▶ **Material to process**
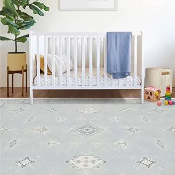 RUGGABLE Washable 8x10 Large Area Rug, Verena Soft Blue, Premium Rugs for Living Room, Bedroom, Kitchen, Office, Nursery with Gripper Non Slip Pad
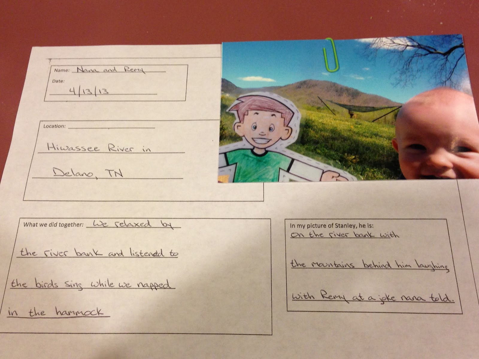 Hi! I’M Flat Stanley! I got sent to Ian’s Great Grandma and Great Grandpa’s house. Do you want me to tell you about my trip? Okay. I will tell you. When I got there I had pancakes.
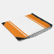 This fun modern design features a wide white center stripe highlighted with floating slender white pinstripes. Adjoining colorful bright orange top and bottom edge racing stripes complete the sporty composition.
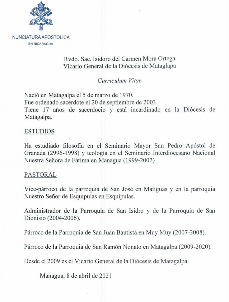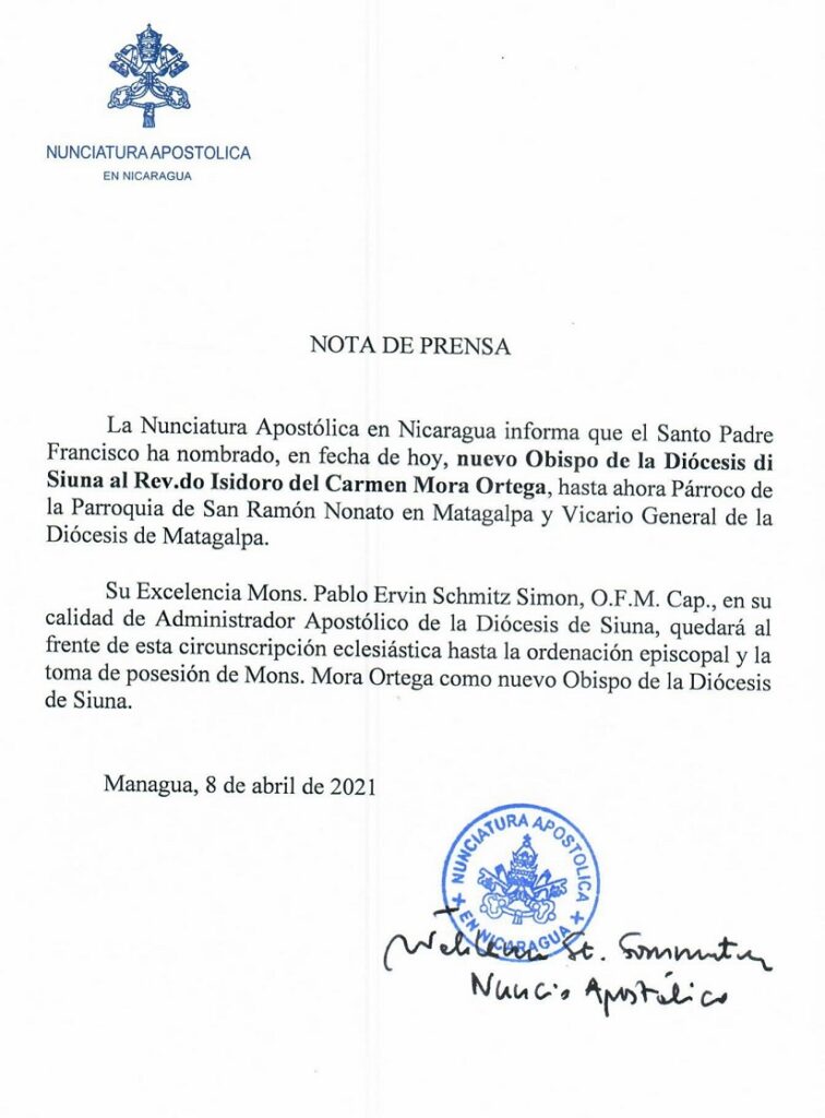 El papa Francisco nombró este 8 de abril a monseñor Isidoro del Carmen Mora Ortega como el nuevo obispo de la Diócesis de Siuna, cargo que estaba vacante desde hace más de un año tras la muerte del obispo David Albin Zywiec.
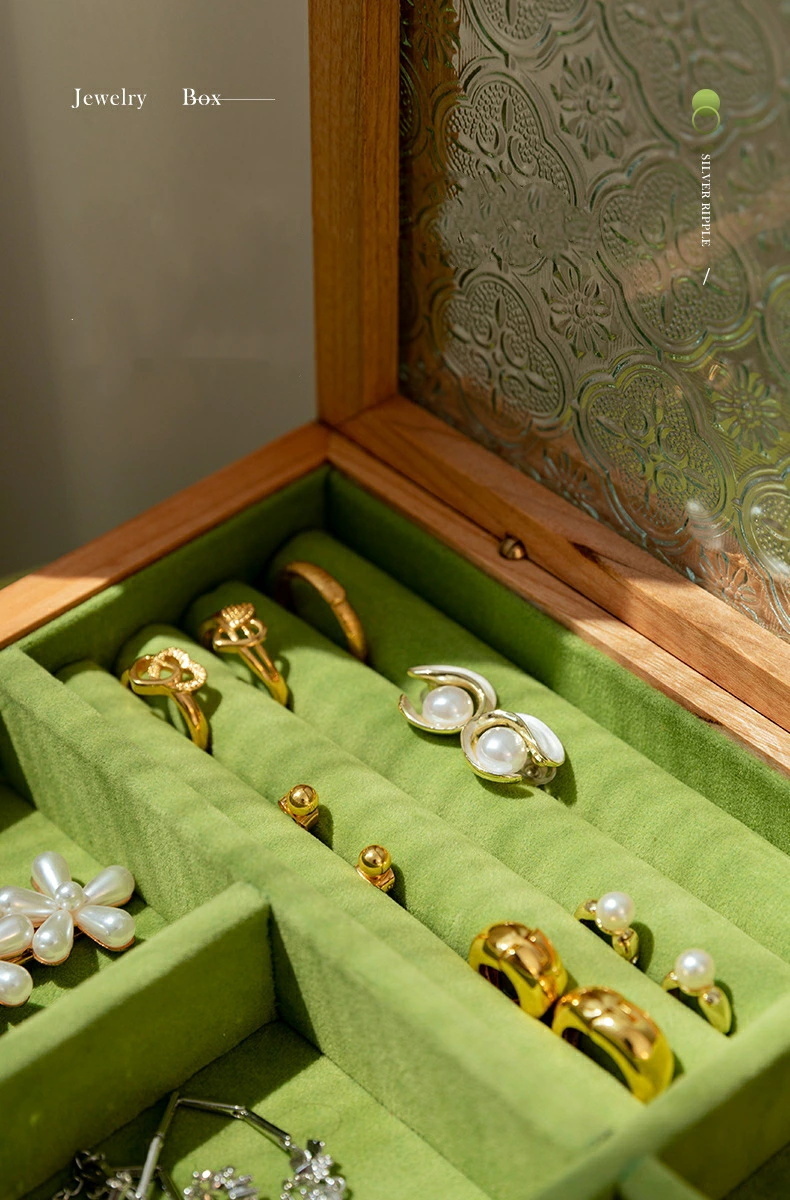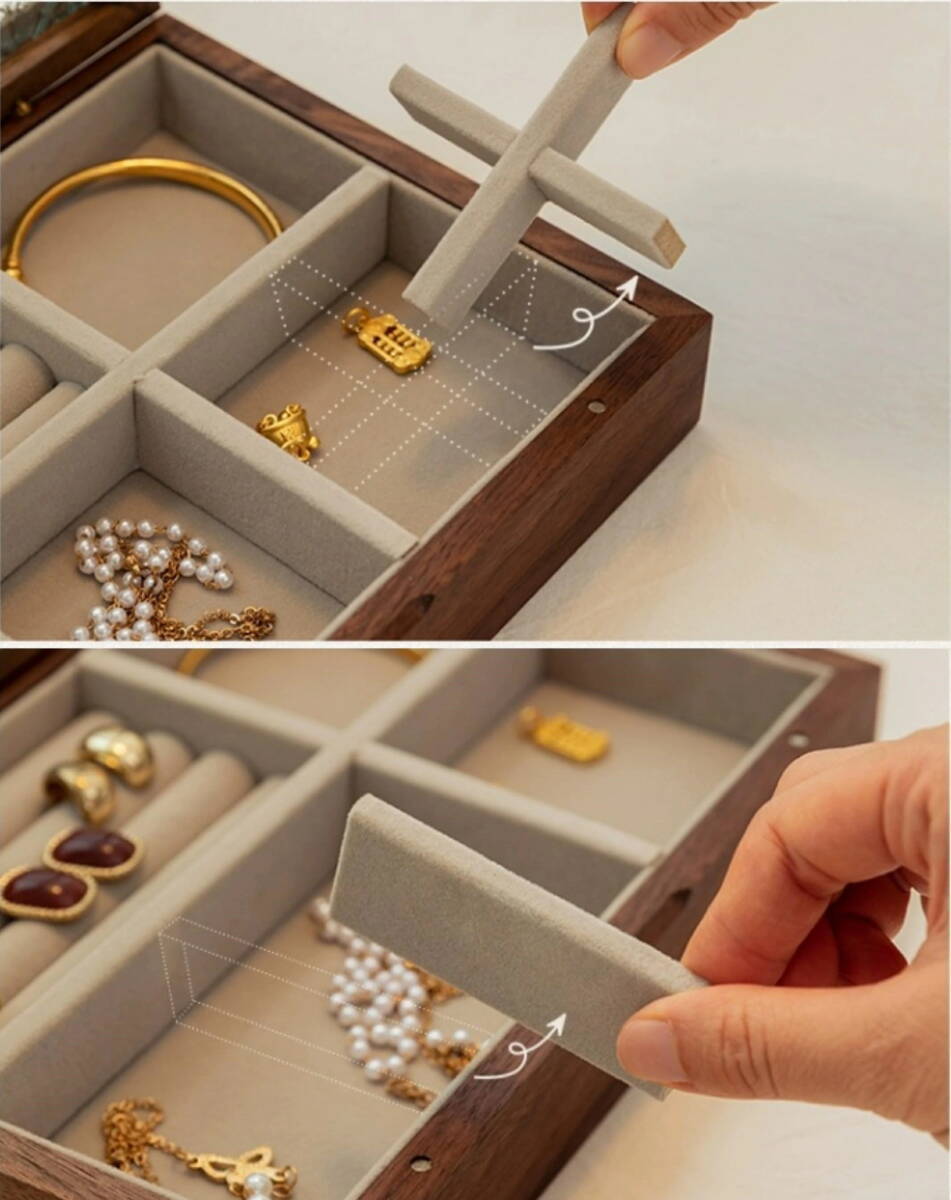 このジュエリーボックスには、調整可能な仕切りがあり、リング、ピアス、ネックレス、メガネ、時計など、様々なアクセサリーを個別に収納できます。それぞれのアイテムがきちんと整理され、取り出しやすい状態を保つことができます。また、シンプルで洗練されたデザインは、どんなインテリアにも自然に溶け込みます。
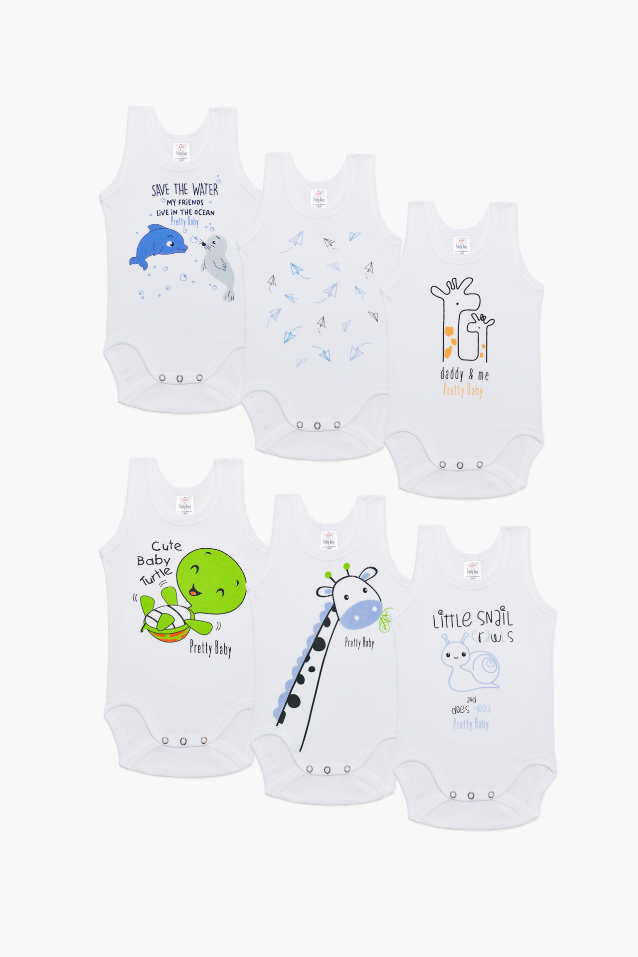 Βρεφικά εσώρουχα Save Water. Συσκευασια 6 Κορμακια Τιραντα, Βαμβακερα 100%
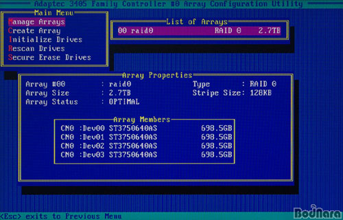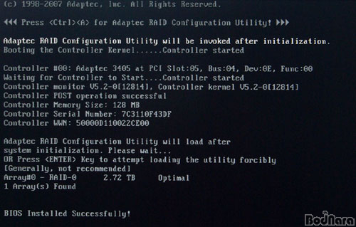 ¡ã Adaptec ASR-3405´Â ÄÁÆ®·Ñ(CRTL)+A Ű·Î ¹ÙÀÌ¿À½º ¸Þ´º¿¡ µé¾î°£´Ù
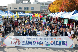 광주 광산구(구청장 박병규)는 전통 민속놀이를 통해 주민들의 화합을 도모하고 잊혀가는 전통문화를 계승·보존하는 ‘제13회 송정골전통민속놀이대회’가 지난 6일 성황리에 열렸다고 밝혔다.이번 행사는 광산구 송정골전통민속놀이대회 추진위원회(위원장 김대성) 주관으로 송정5일시장 주차장에서 진행했다.이날 역사전통도시인 △송정1·2동 △도산동 △신흥동 △어룡동 주민들이 참여해 전통 민속놀이인 △투호 △제기차기 △고무신 던지기 △풍선 불어 날리기 등을 진행했다.또한 주민들 노래자랑 경연, 장구 공연, 먹거리 공간 등 다채로운 프로그램을 구성해
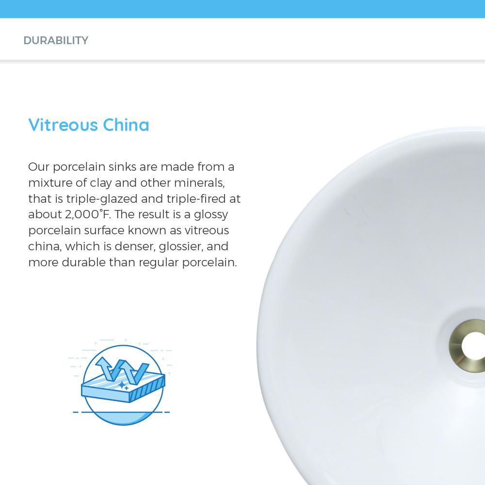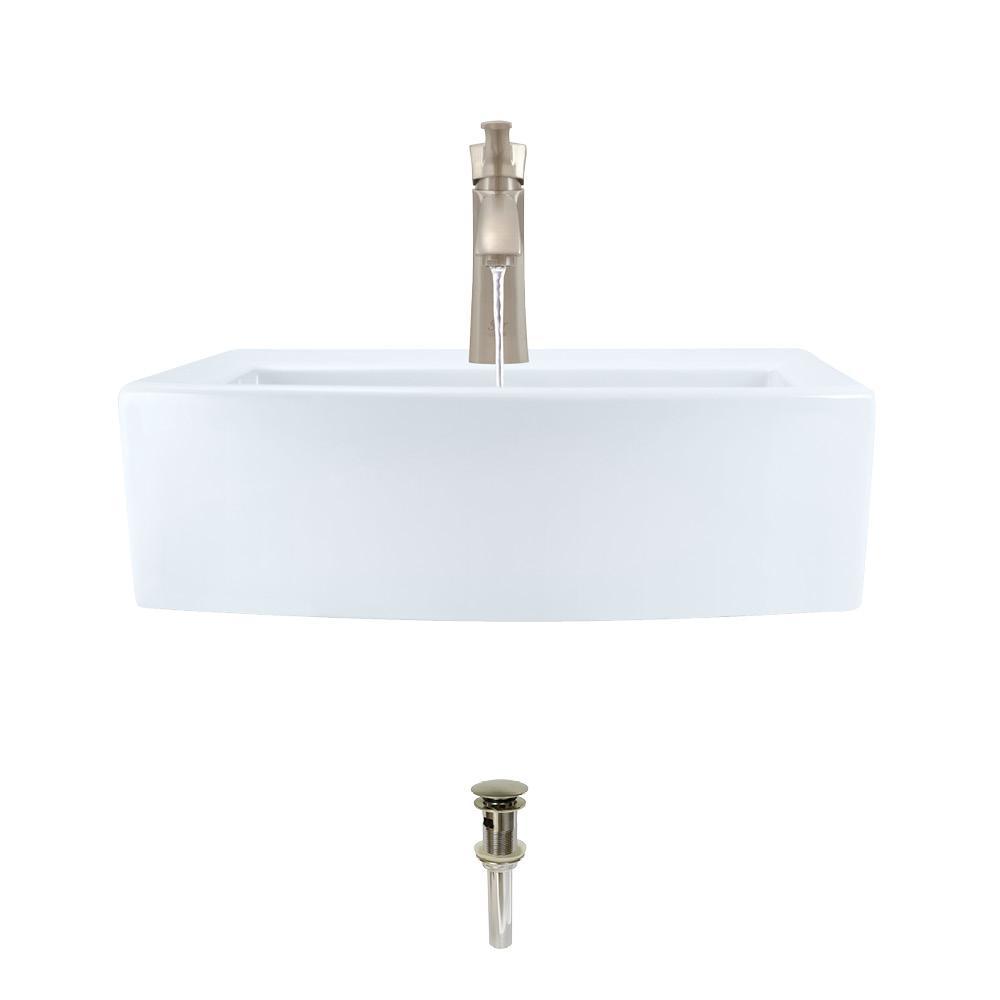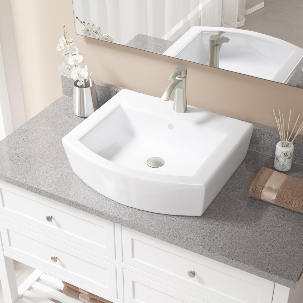 Porcelain Vessel Sink in White with 725 Faucet and Pop-Up Drain in Brushed Nickel

▶ **Exercise**
Please write out all the entries above again exactly as they appear, skipping any images.

▶ **Answer below**
 RUGGABLE Washable 8x10 Large Area Rug, Verena Soft Blue, Premium Rugs for Living Room, Bedroom, Kitchen, Office, Nursery with Gripper Non Slip Pad
 Hi! I’M Flat Stanley! I got sent to Ian’s Great Grandma and Great Grandpa’s house. Do you want me to tell you about my trip? Okay. I will tell you. When I got there I had pancakes.
 This fun modern design features a wide white center stripe highlighted with floating slender white pinstripes. Adjoining colorful bright orange top and bottom edge racing stripes complete the sporty composition.
 El papa Francisco nombró este 8 de abril a monseñor Isidoro del Carmen Mora Ortega como el nuevo obispo de la Diócesis de Siuna, cargo que estaba vacante desde hace más de un año tras la muerte del obispo David Albin Zywiec.
 このジュエリーボックスには、調整可能な仕切りがあり、リング、ピアス、ネックレス、メガネ、時計など、様々なアクセサリーを個別に収納できます。それぞれのアイテムがきちんと整理され、取り出しやすい状態を保つことができます。また、シンプルで洗練されたデザインは、どんなインテリアにも自然に溶け込みます。
 Βρεφικά εσώρουχα Save Water. Συσκευασια 6 Κορμακια Τιραντα, Βαμβακερα 100%
 ¡ã Adaptec ASR-3405´Â ÄÁÆ®·Ñ(CRTL)+A Ű·Î ¹ÙÀÌ¿À½º ¸Þ´º¿¡ µé¾î°£´Ù
 광주 광산구(구청장 박병규)는 전통 민속놀이를 통해 주민들의 화합을 도모하고 잊혀가는 전통문화를 계승·보존하는 ‘제13회 송정골전통민속놀이대회’가 지난 6일 성황리에 열렸다고 밝혔다.이번 행사는 광산구 송정골전통민속놀이대회 추진위원회(위원장 김대성) 주관으로 송정5일시장 주차장에서 진행했다.이날 역사전통도시인 △송정1·2동 △도산동 △신흥동 △어룡동 주민들이 참여해 전통 민속놀이인 △투호 △제기차기 △고무신 던지기 △풍선 불어 날리기 등을 진행했다.또한 주민들 노래자랑 경연, 장구 공연, 먹거리 공간 등 다채로운 프로그램을 구성해
 Porcelain Vessel Sink in White with 725 Faucet and Pop-Up Drain in Brushed Nickel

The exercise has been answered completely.